Visa has collaborated with ConsenSys, a blockchain technology firm, for building facilities to assist the introduction of central bank digital currencies (CBDCs).
Visa’s head of CBDC, Catharine Gu, informed The Block about the collaboration’s ongoing consultations on growth and potential with central banks globally.
Through the new collaboration, companies would be able to link facilities for providing CBDC-linked payment cards and wallet credentials.
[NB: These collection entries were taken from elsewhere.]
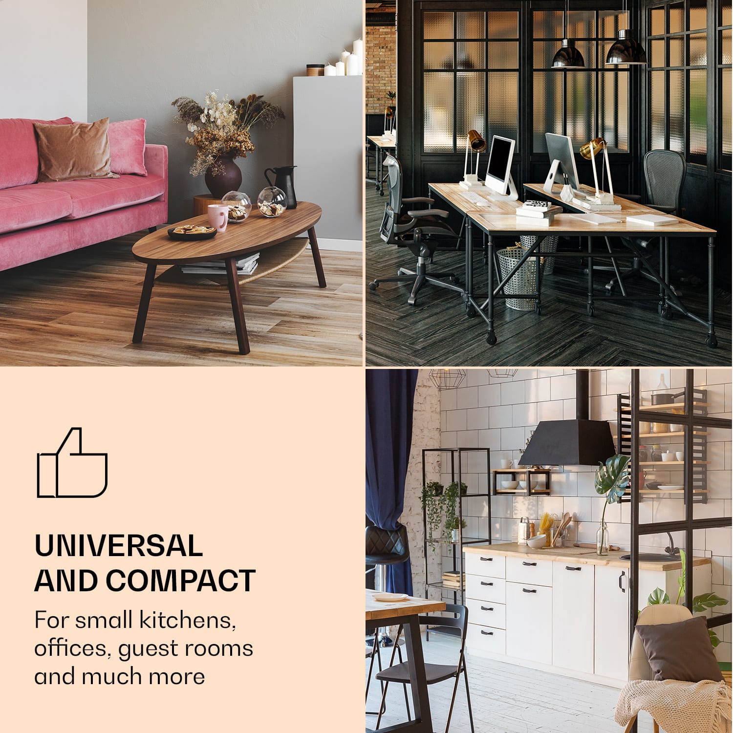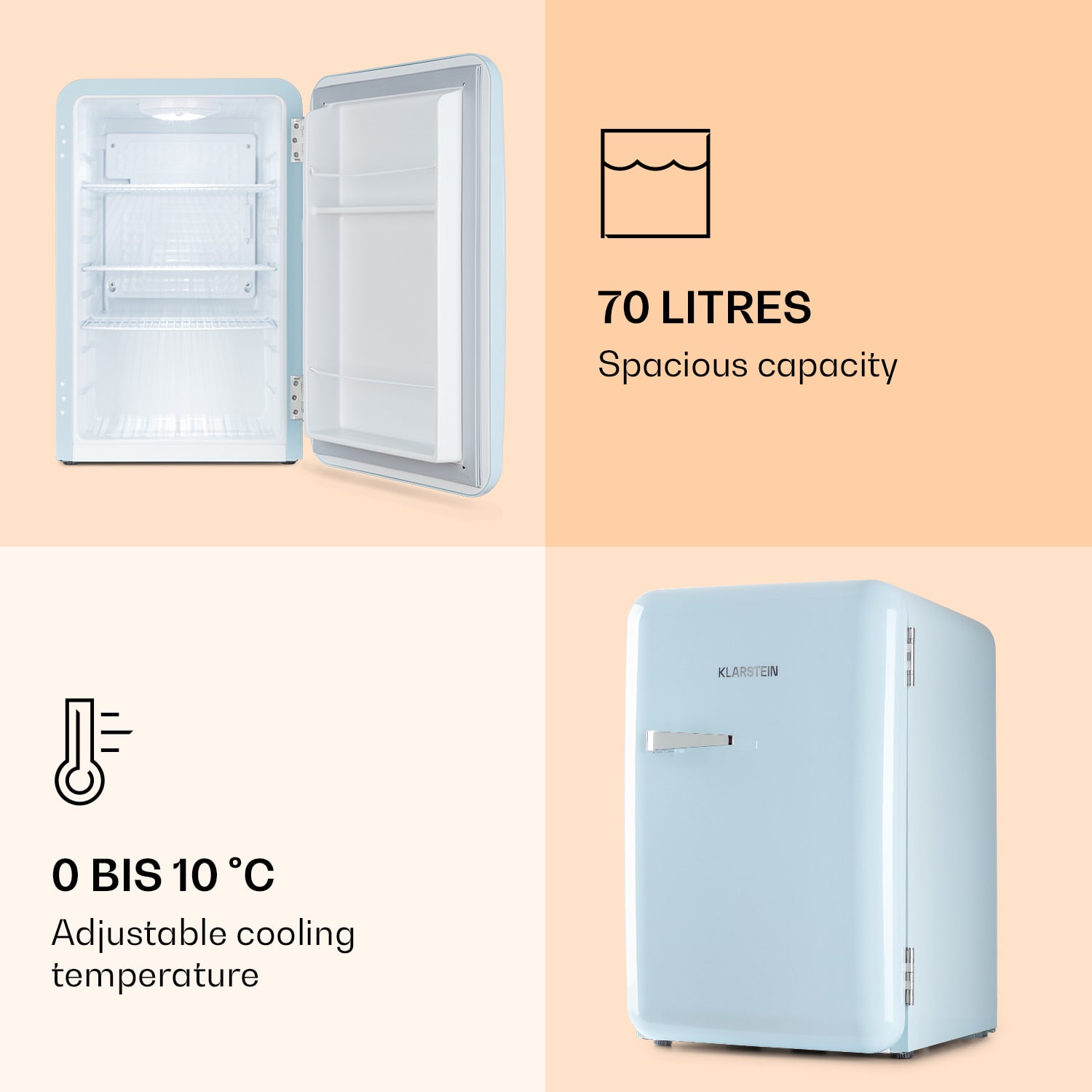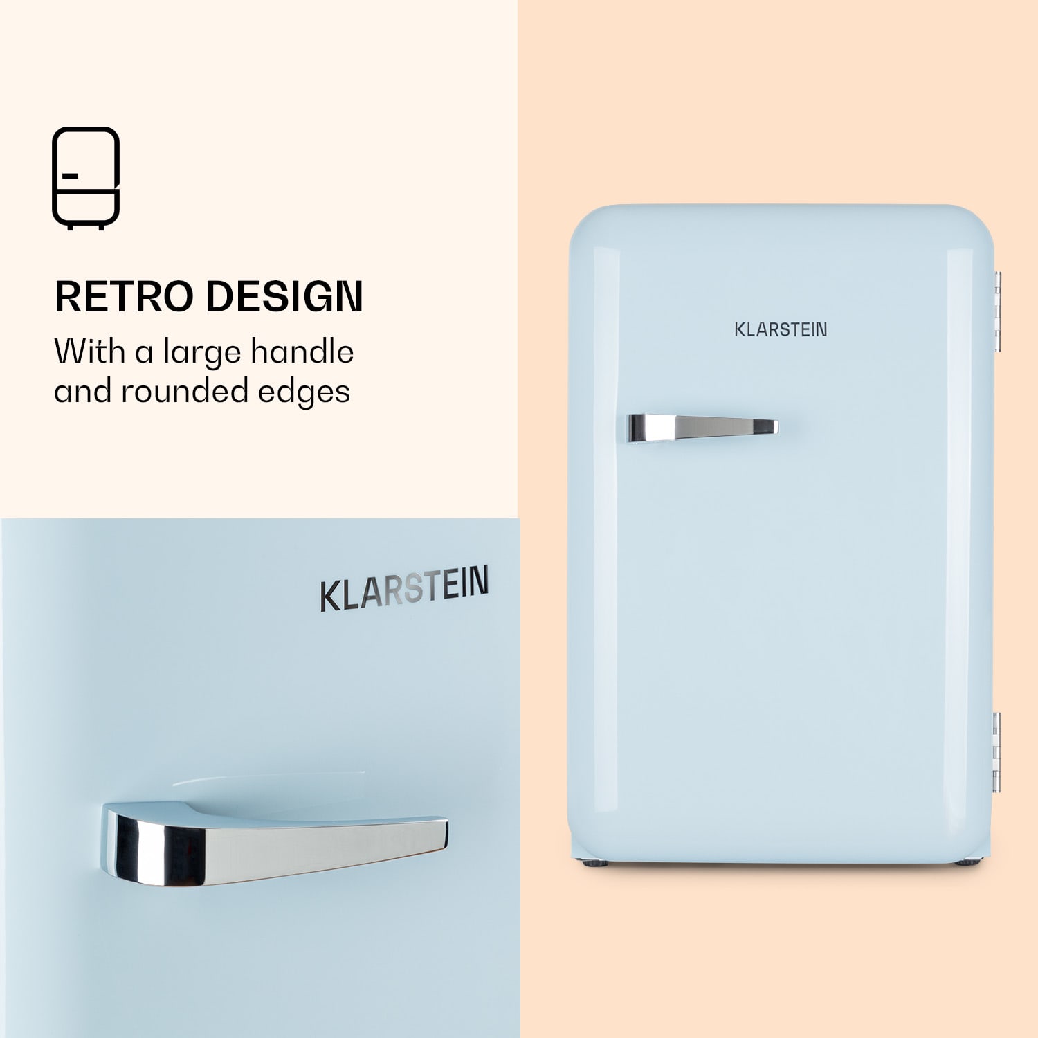 S farebnou a štýlovou chladničkou Audrey od Klarstein vytvoríte vo vašej domácnosti nový štýl. Či už v kuchyni, v kancelárii alebo v izbe pre hostí: priestrannú chladničku Audrey môžete vďaka jej kompaktným rozmerom použiť kdekoľvek. Táto mini chladnička s veľkou rukoväťou na prednej strane dotvára vzhľad 50. rokov. 70 litrov úložného priestoru ponúka dostatok miesta a poriadok zabezpečujú 4 poschodia s tromi nastaviteľnými mriežkovými policami, ako aj 2 priehradky vo dverách na fľaše, poháre a plechovky. Vďaka vnútornému osvetleniu máte vždy prehľad o svojich potravinách, nápojoch a občerstvení. Svieža a štýlovo verná: Chladnička Audrey od Klarstein je ako osviežujúca cesta späť v čase do 50. rokov.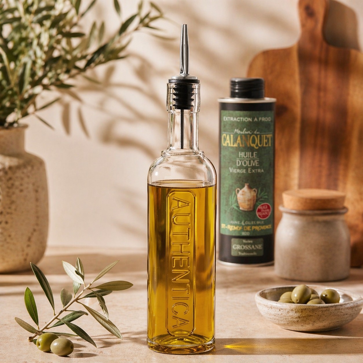 Praktische Olivenölflasche mit Ausgießer, perfekt für unsere Olivenöl aus der Provence.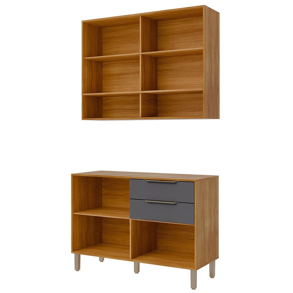 Cozinha Compacta Helena 4 Portas 2 Gavetas Ripado Cinamomo/Titanium - Pnr Móveis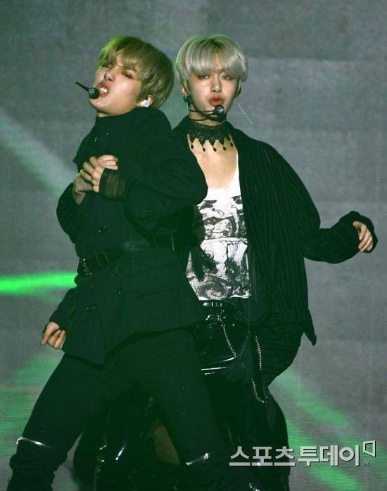 이날 그룹 몬스타엑스 민혁, 형원이 멋진 무대를 선사하고 있다.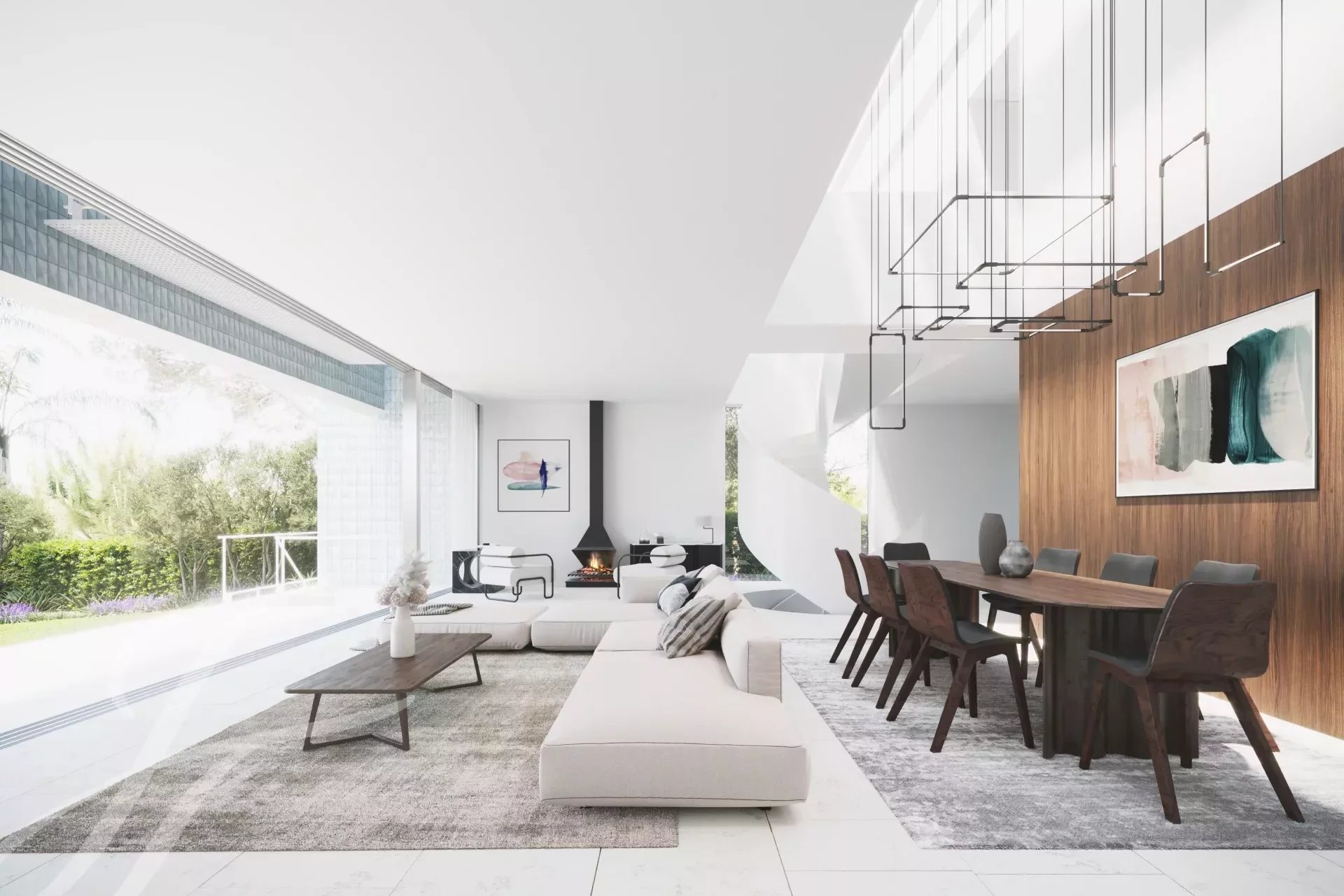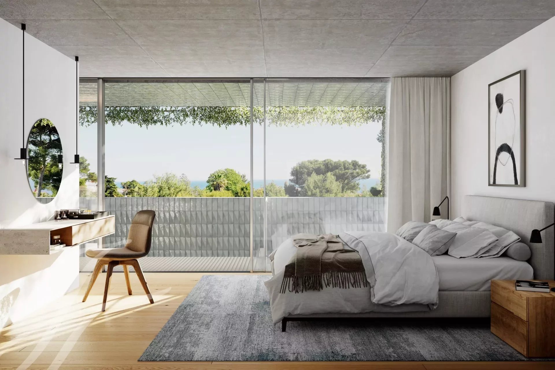 With its minimalist design, open spaces and excellent sun exposure, this exclusive development of just seven villas is located adjacent to the Pinhal de Santa Maria garden on Avenida do Lidador, offering stunning views of the gardens and sea.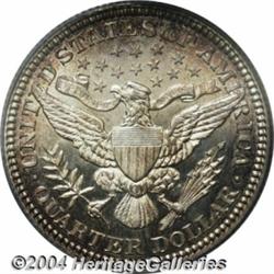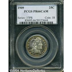 <B>1909<25C> PR66 Cameo PCGS.</B></I> A glittering specimen of exceptional quality, being toned in golden-orange and violet hues that lighten to near-brilliance in the centers. The design elements are exquisitely struck. Only 650 proofs were struck, only a small minority of which qualify for high quality Cameo status. Population: 6 in 66, 3 finer (3/04). <BR><BR><B>Important notice:</B> Heritage usually auctions material at the rate of 200-250 lots per hour. On some occasions eBay Live bid software or the Internet may not be able to keep up with the pace of the auction. We recommend placing a realistic absentee bid now as insurance to avoid disappointment. Occasionally the auctioneer may eliminate or reject an eBay Live bid, and the auctioneer may also reopen a lot after the close of the eBay live bidding (usually because we missed an audience bid), and may reject your bid even if it shows you as the winning bidder. By bidding via eBay Live, you agree that Heritage may award the lot to another bidder at its sole discretion under the circumstances described above or any other reasonable circumstances. Since eBay bids are not shown to us until we open the lot on the floor, we treat those bids just like floor bids. In most cases the floor responds before the eBay bid is presented to us, due to Internet lag time, so for consistency we have made it a policy that floor bids are always considered first over tie eBay live bids. Also please note that all Heritage lots purchased through eBay Live carry a 20% Buyer's Premium. Please make sure you read the Terms and Conditions before you bid. </span></font></tr></table></td></tr></table>

Its purpose is to serve as an on-ramp for prevailing networks.
The Visa payment module is presently being integrated with the ConsenSys infrastructure, in order for the platform to be prepared to use business blockchain technology. They are thinking of pilot testing in early summer.
She further informed that the main challenge will be to understand the coexistence of existing payment systems with the new form of money, as well as to understand the role of CBDC over the next two to three years.
Interoperability would also be a challenging task and they will be looking for practical solutions, according to Shailee Adinolfi, director of strategic sales at ConsenSys.
Corporations and governments both are interested in CBDCs. Payment-watchers have queried their likely effect on the financial system and about their use cases.
Adinolfi further added that due to its scalability and privacy qualities, ethereum is frequently desired by governments in development. ConsenSys is already aiding the development of CBDCs in Australia, Hong Kong, France, and Thailand.